Extracted information:
[Start of Attachment]

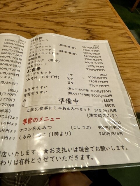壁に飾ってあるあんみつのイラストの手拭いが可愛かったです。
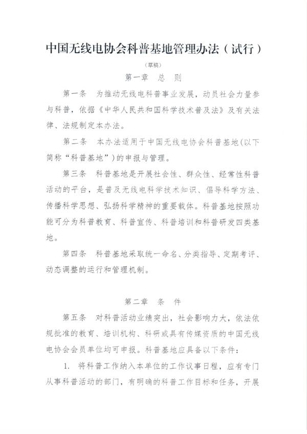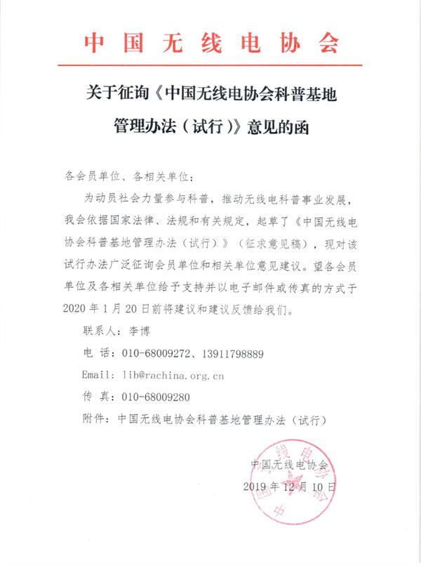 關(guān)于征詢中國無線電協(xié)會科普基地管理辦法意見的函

[End of Attachment]
[Start of Attachment]

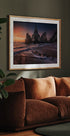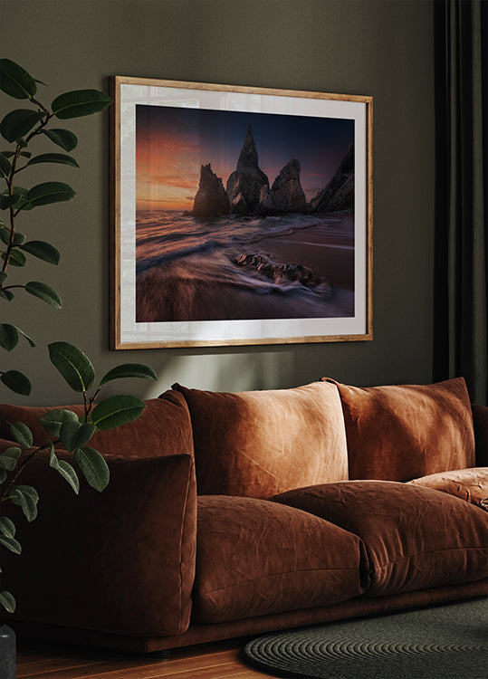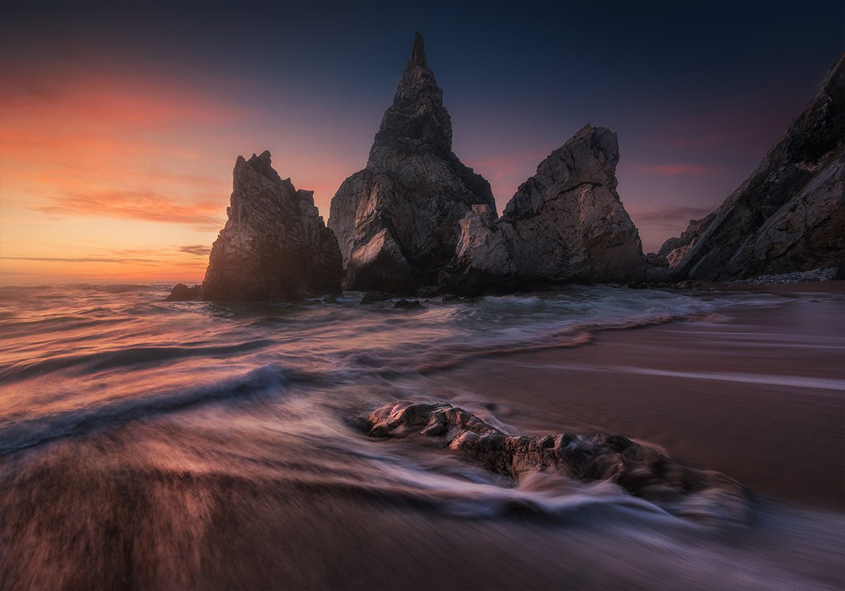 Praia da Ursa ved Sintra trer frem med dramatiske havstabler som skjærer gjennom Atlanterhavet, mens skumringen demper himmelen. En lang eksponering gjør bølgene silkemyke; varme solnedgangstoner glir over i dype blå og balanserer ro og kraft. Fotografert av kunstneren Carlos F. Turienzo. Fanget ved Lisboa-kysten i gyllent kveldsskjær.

[End of Attachment]
[Start of Attachment]

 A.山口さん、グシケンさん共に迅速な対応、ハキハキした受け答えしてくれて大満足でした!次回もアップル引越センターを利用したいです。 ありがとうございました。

[End of Attachment]

Exercise prompt: Using the entries above, transcribe every line from the line containing "壁に飾ってあるあんみつのイラストの手拭いが可愛かったです。" through the line containing "關(guān)于征詢中國無線電協(xié)會科普基地管理辦法意見的函". Do not copy pictures.

Exercise response:
壁に飾ってあるあんみつのイラストの手拭いが可愛かったです。
 關(guān)于征詢中國無線電協(xié)會科普基地管理辦法意見的函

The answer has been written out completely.